Will SCA make things simpler?
Sunday, December 18th 2005 | Ismael Ghalimi
One problem with SOA is that the first initial does not yet stand for “Simple”, as was the case for SOAP, the Simple Object Access Protocol — even though SOAP quickly became quite complex itself over time. Distributed systems are inherently complex and marketing hype can only go that far.
Part of the problem is that services do not freely fall from the sky, but rather have to be built from objects deployed on existing IT systems. For many organizations, this is achieved using development platforms such as J2EE, which itself adds quite a bit of complexity to the picture. Most of the J2EE stack has been developed prior to the emergence of the concept for a Service Oriented Architecture, and as a result is more object oriented than service oriented. This gap was supposed to be addressed by specifications such as JBI (JSR 208), but competitive issues very well described in Ian Thomas’ recent post prevented wide industry adoption.

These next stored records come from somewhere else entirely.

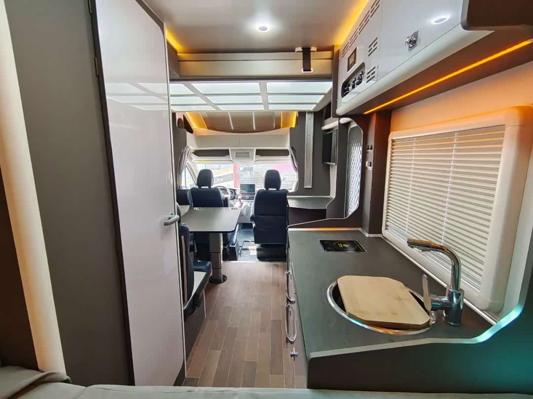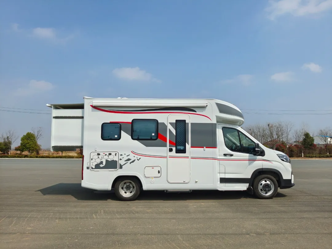车侧的配置齐全,配有遮阳棚、电动踏步、注水接口、市电接口、散热口、贯通式储物仓、外置液化气抽拉灶等。车身尾部可后拓展,为休息区带来更为宽阔的空间。
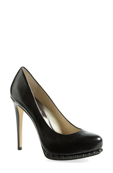 Enameled studs gleam along the sole of an alluring almond-toe pump fashioned with a hidden platform. Color(s): black/ black. Brand: MICHAEL Michael Kors. Style Name: MICHAEL Michael Kors 'Ailee' Leather Platform Pump (Women). Style Number: 839644.
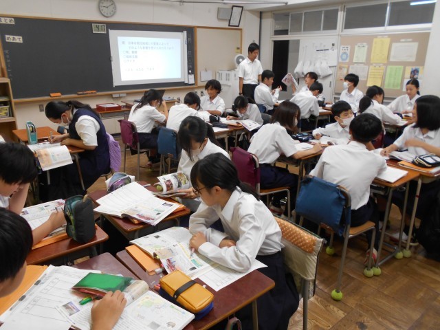 1時間目。1年4組の社会の授業は、歴史的分野「日本と東アジアとのかかわり」について。
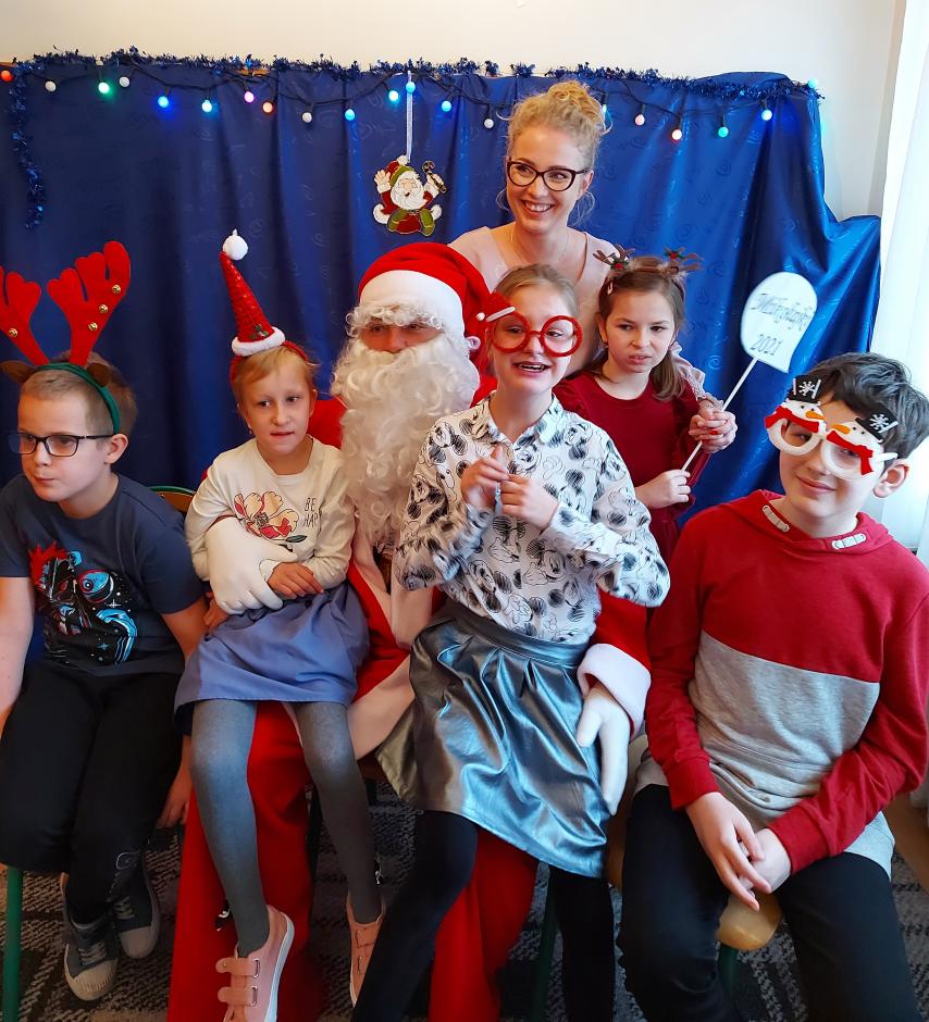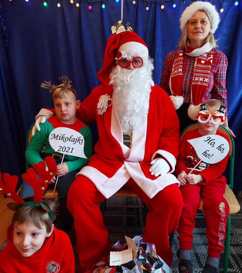 Jak na prawdziwego Mikołaja przystało przywiózł ze sobą dużo prezentów. Wszyscy uczniowie otrzymali upominki od Św. Mikołaja oraz wykonali pamiątkowe zdjęcie. Dla tak wspaniałego gościa, w podziękowaniu za wizytę, uczniowie klasy 4c przygotowali słodki poczęstunek.
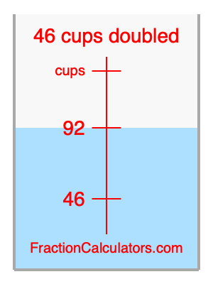 Here we will calculate 46 cups doubled and illustrate 46 cups doubled on a measuring cup. What is 46 cups doubled? 46 cups doubled is twice 46 cups. Therefore, to double 46 cups, we multiply 46 by 2. Here is the formula, the math, and the answer to 46 cups doubled:
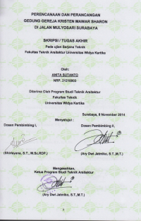 Perencanaan dan perancangan gedung gereja Kristen Mawar Sharon di Jalan Mulyosari
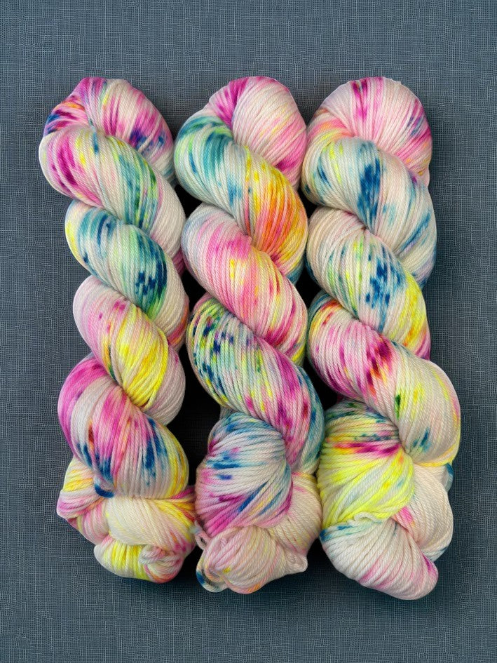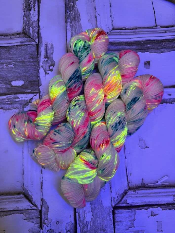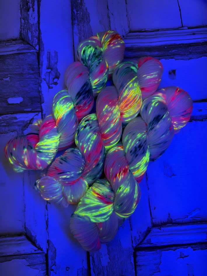 Speckletacular yarn is vibrant, fun, and...well...spectacular! It is part of our fluorescent line that looks amazing both in normal lighting and under a black light. Use it to add a pop of color to any project or use it as your sole color.
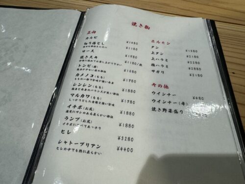ずらりと並んだお肉の種類。どれをオーダーしてよいのか迷います。
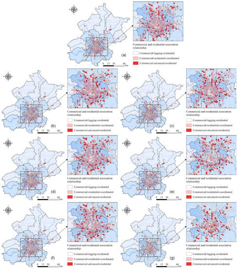 Significant spatial heterogeneity exists in the association relationships of different commercial formats and residential spaces in Beijing. (1) For catering services, the coordinated type, lagging type, and advanced type account for 47.80%, 37.34%, and 14.86%, respectively. Specifically, the coordinated type and advanced type are mainly concentrated within the central area. Outside of the Fourth Ring Road of Beijing, the advanced type is also distributed along the main roads and spreads to district centers in the inner and outer suburbs. Affected by the clustered distribution of government agencies, the lagging type is distributed within the Second Ring Road of Beijing. (2) For recreation and leisure services, the coordinated type, lagging type, and advanced type account for 52.45%, 31.91%, and 15.63%, respectively. The advanced type is mainly concentrated outside of the Fourth Ring Road of Beijing, and several honeycombs of the advanced type are located in the center of each district in the inner and outer suburbs. (3) For living services, the proportion of coordinated type (49.61%) and lagging type (47.16%) is approximately the same. The area within the Fourth Ring Road is dominated by the coordinated type. Some lagging type exists in the core area. The distribution of advanced type is similar to that of catering services. (4) For convenience stores, the coordinated type accounts for a relatively large proportion (44.57%). The proportion of the lagging type in the northern part within the Fourth Ring Road is relatively large. More advanced type exists for convenience stores in the southern part of the city than in the northern part of the city. (5) For supermarkets, the lagging type accounts for a relatively large proportion, 44.57%, mainly concentrated in the inner and outer suburbs and the Xicheng District within the core area. The coordinated type (38.37%) is mainly concentrated in the central area and the inner suburb, and the advanced type (17.05%) is concentrated in the district-level and community-level commercial centers. (6) For shopping malls, the lagging type accounts for 68.60%. The coordinated type (18.35%) and the advanced type (13.05%) are concentrated within the Fourth Ring Road. Specifically, the advanced type is concentrated in the regional level and municipal level commercial centers. Although the lagging type accounts for the largest proportion in the inner and outer suburbs, one or two honeycombs of the advanced type are still formed in the center of each district in the inner and outer suburbs. (7) For home appliances and electronics stores, the lagging type (accounting for 81.27%) is the most widely distributed in Beijing. The advanced type is scattered as a dotted layout mainly distributed in the areas around Shijingshan Road and in the centers of each district. (8) For the home building materials markets, the lagging type accounts for 88.37%. The coordinated type (accounting for 3.88%) is scattered in the central area. The advanced type (accounting for 7.75%) is concentrated in the southern part of the central area around the Fourth Ring Road. Additionally, one or two honeycombs of advanced type are formed in the center of each district in the inner and outer suburbs. (9) For specialty stores, the coordinated type (accounting for 52.07%) is widely distributed in the central area and part of the inner suburb. The advanced type (accounting for 11.76%) is scattered in the vicinity of the main roads. Because some specialty stores for cultural and creative products are clustered in the Palace Museum and other tourist attractions, the advanced type is also concentrated in these areas. (10) For agricultural markets, the coordinated type with residential space (accounting for 56.46%) is widely distributed. The advanced type (accounting for 11.63%) is mostly distributed in the range from the Fourth Ring Road to the border of the central area and is also concentrated in the southern region of the city.
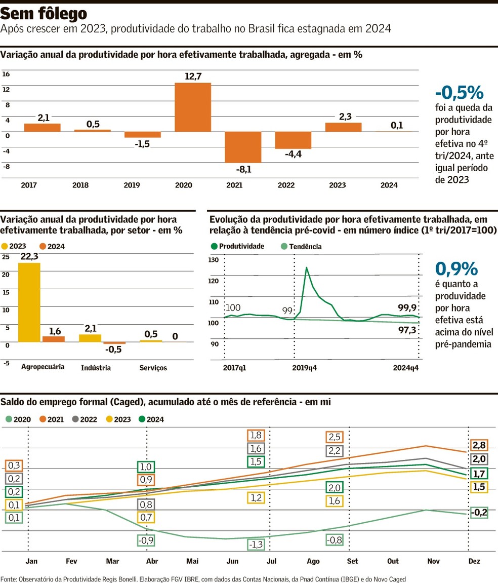 Desde 2021, a geração de emprego no Brasil tem sido, predominantemente, formal, observam os pesquisadores do FGV Ibre, o que traz um viés mais positivo para a produtividade, mas que ainda não apareceu. “E, na ponta, já parece haver uma desaceleração do emprego em 2025”, diz Peruchetti.
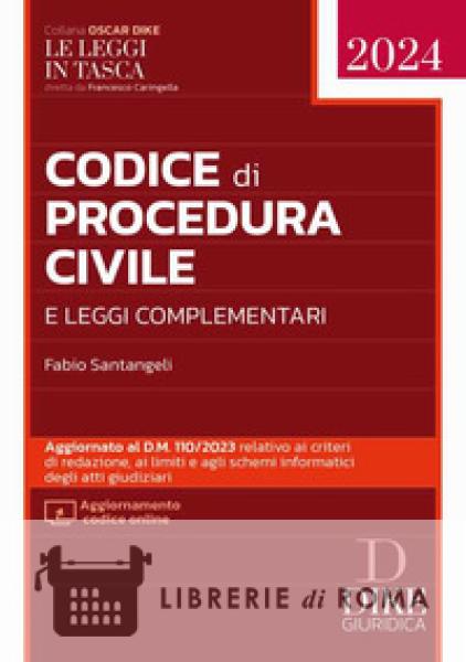 Il codice è aggiornato alla L. 9 ottobre 2023, n. 137, conv. D.L. 105/2023, in materia di procedimenti civili davanti al tribunale per i minorenni e al D.L. 5 ottobre 2023, n. 133, in materia di espulsione per gravi motivi di pubblica sicurezza dei cittadini stranieri in possesso del permesso di soggiorno UE. È corredato dalle principali leggi complementari in tema di Adozione, Avvocati e Procuratori, Cambiale e Assegno, Consumatori, Crisi d'impresa e insolvenza, Competenza giurisdizionale, Controversie di modesta entità, Criteri di redazione, limiti e schemi informatici degli atti giudiziari, Diritto internazionale privato, Disciplina dell'Unione Europea, Divorzio, Equa riparazione, Esecuzione, Giudice di pace, Legge abolitrice del contenzioso amministrativo, Locazioni, Matrimonio e responsabilità genitoriale, Mediazione e conciliazione, Negoziazione assistita, Notificazioni, Ordinamento giudiziario, Patrocinio, Procedimento europeo di ingiunzione di pagamento, Prove in materia civile e commerciale, Spese di giustizia e indennità, Processo telematico, Responsabilità dei magistrati, Semplificazione dei riti civili, Termini processuali, Titolo esecutivo europeo, Ufficio del processo.

IBM, BEA and a host of other vendors recently announced yet an other attempt at addressing the issue: the Service Component Architecture (SCA) and Service Data Objects (SDO) specifications, which “aim to provide developers with simpler and more powerful ways of constructing applications based on SOA.” In a perfect world, Microsoft and Sun Microsystems would have been part of this effort and things would indeed have become simpler. In the world we live in though, Microsoft will not be part of this work and Sun Microsystems will keep promoting JBI and others specifications that largely overlap with SCA and SDO. But because this overlap is not perfect, one cannot just wish that one camp will win over the other and life will be good again.
Without getting into too many details, JBI does two things: One, provide a component architecture similar to SCA. Two, provide a way by which specific containers such as an EJB container, a Servlet container or a Process container can be deployed on top of multiple J2EE application servers. The later is no addressed by SCA or SDO, and therefore makes something like JBI necessary for any software vendor looking for portability across application servers. Even though vendors such as IBM and Oracle have little interest in such a thing, the rest of the industry, including customers, would benefit from this portability. As steward of the J2EE platform, it is Sun Microsystems’ responsibility to make it happen. At this stage of the game, my advice to Sun would be the following: adopt the SCA and SDO specifications, rewrite JBI accordingly and deliver an Open Source implementation certified for the major J2EE applications servers, including BEA WebLogic, IBM WebSphere and Oracle Application Server. This would make a lot of things a lot simpler for a lot of people.